Interpreting Results

  • Sentiment scores range from 0 (Very Negative) to 4 (Very Positive)
  • Engagement scores range from 0 to 100, with higher scores indicating higher engagement
  • The AI analysis provides a detailed interpretation of the text, including key points and recommendations

For any issues or unexpected results, check the log files for detailed error messages and debugging information.

Dependencies

The project relies on several Python packages and external tools. Key dependencies include:

  • anthropic
  • openai
  • pandas
  • scikit-learn
  • stanfordnlp
  • nltk
  • textblob

For a full list of dependencies, refer to the requirements.txt and environment.yml files.

Licenses and Acknowledgments

Stanford CoreNLP

This project uses Stanford CoreNLP, which is licensed under the GNU General Public License (v3 or later). We gratefully acknowledge the Natural Language Processing Group at Stanford University for their work on Stanford CoreNLP.

Stanford Sentiment Treebank

We use the Stanford Sentiment Treebank dataset for benchmarking our sentiment analysis.
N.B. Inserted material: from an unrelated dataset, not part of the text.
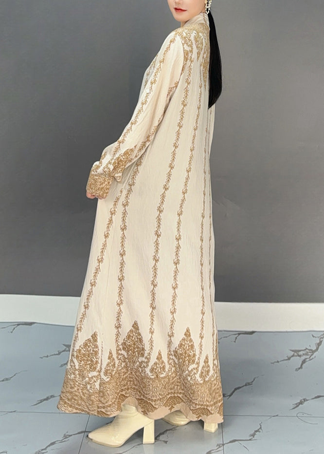 Elegant Red Peter Pan Collar Embroidered Print Maxi Dress Lantern Sleeve

This dataset was introduced in the following paper:

Socher, R., Perelygin, A., Wu, J., Chuang, J., Manning, C. D., Ng, A., & Potts, C. (2013). Recursive deep models for semantic compositionality over a sentiment treebank. In Proceedings of the 2013 conference on empirical methods in natural language processing (pp. 1631-1642).

Python Libraries

This project uses several open-source Python libraries. Key libraries and their licenses include:

  • Anthropic: MIT License
  • OpenAI: MIT License
  • pandas: BSD 3-Clause License
  • scikit-learn: BSD 3-Clause License
  • NLTK: Apache License 2.0
  • TextBlob: MIT License

For a complete list of dependencies and their licenses, please refer to the requirements.txt file.

Other Acknowledgments

  • OpenAI GPT models are used for AI-powered analysis. Usage is subject to OpenAI's use case policy and terms of service.
  • Anthropic's language models are used for AI-powered analysis. Usage is subject to Anthropic's terms of service.

We are grateful to all the developers and researchers whose work has made this project possible.

Note on Usage

Please ensure that your use of this project and its components complies with the respective licenses and terms of service of the included software and services.